Но едва ли не главные ожидания возлагались на режиссера «Богемы» —  54-летнего немца Клауса Гута, входящего в топ самых востребованных оперных постановщиков планеты. Отечественной публике он может быть знаком по легендарной уже версии моцартовской «Свадьбы Фигаро», выпущенной Гутом в середине нулевых на Зальцбургском фестивале со звездным составом солистов при участии Анны Нетребко. Этот отточенный до движения мизинца спектакль дает полное представление о творческом методе Гута: тончайшая психологическая разработка взаимоотношений между героями всегда становится для режиссера лишь поводом для выхода в какую-то другую, параллельную, сюрреалистическую действительность. Более удачного кандидата на роль антикризисного менеджера для шедевра Джакомо Пуччини трудно было бы придумать — «Богеме» давно требовалась смена программного кода. В последние годы смотреть на душещипательные картинки из жизни «креативного класса» Парижа рубежа XIX - XXвеков вкупе с кочующими из постановки в постановку открыточными видами Монмартра и Латинского квартала стало решительно невозможно: театральная рутина — не лучшее обрамление для музыки Пуччини с ее обнаженным нервом.

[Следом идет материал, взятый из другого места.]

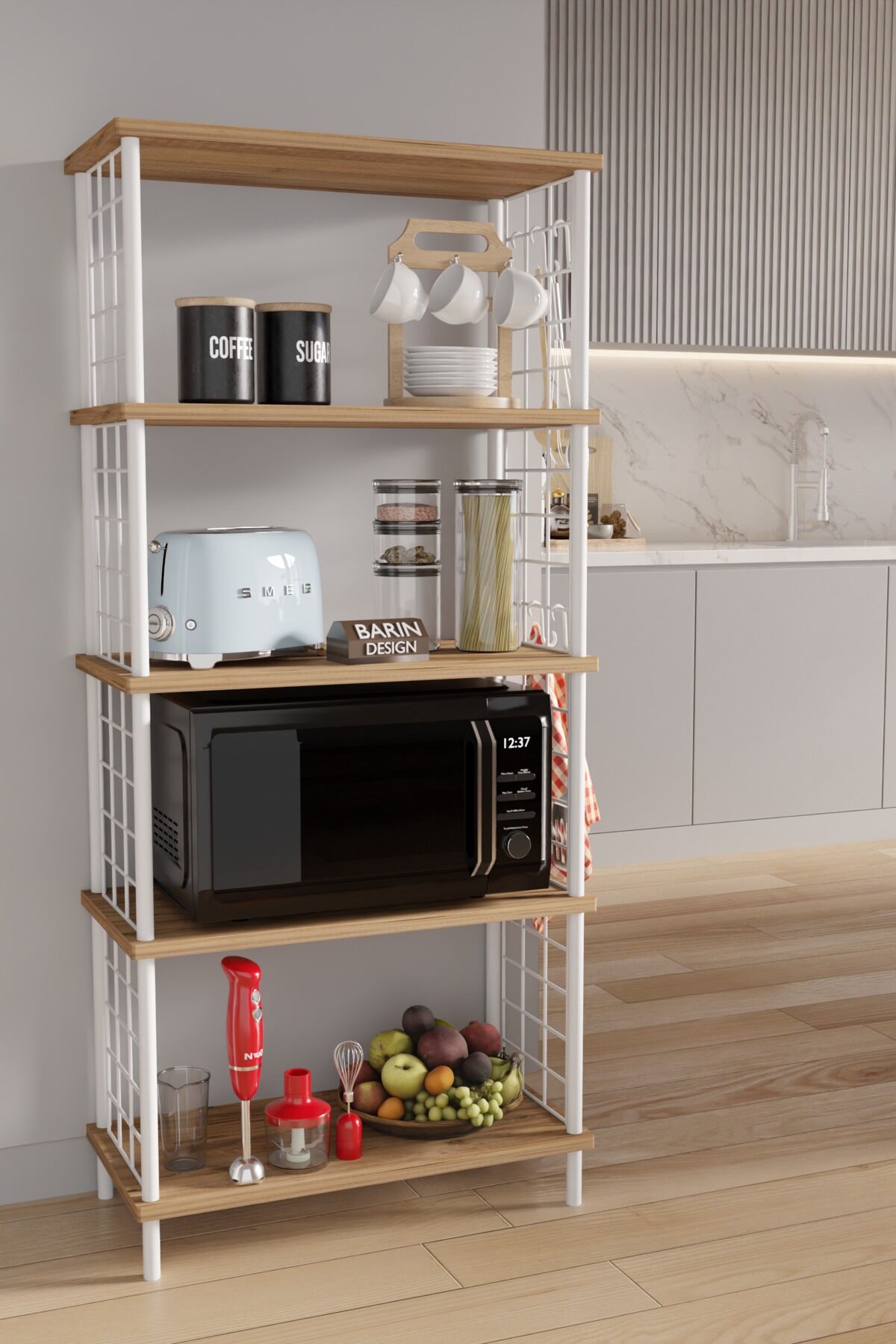 Barın Design 5 Raflı Raf Ünitesi, evinizin her alanında fonksiyonel kullanım sunar. Kolay kurulum sağlayan ÇEVİR-KUR sistemi ile alet gerektirmeden monte edilir. Şık görünümüyle dekoratif bütünlüğü tamamlar, dayanıklı yapısıyla uzun ömürlü kullanım sağlar.

Руководство Парижской оперы сделало рискованную ставку и в конечном счете выиграло: мало о каком спектакле Opéra в последние годы спорили больше и ожесточеннее, чем о новой «Богеме». Радикальное решение Гута выглядит ледяным душем, шоковой терапией, обнуляющей театральную биографию произведения: после изобретательного парижского спектакля воспринимать традиционалистские трактовки партитуры будет очень и очень непросто даже замшелым консерваторам. Все дело в том, что, поместив «Богему» в парадоксальные «предлагаемые обстоятельства», режиссеру удалось высвободить драму музыки Пуччини, позволяя расслышать ее как будто бы в первый раз и выявив ее подлинный сценический потенциал.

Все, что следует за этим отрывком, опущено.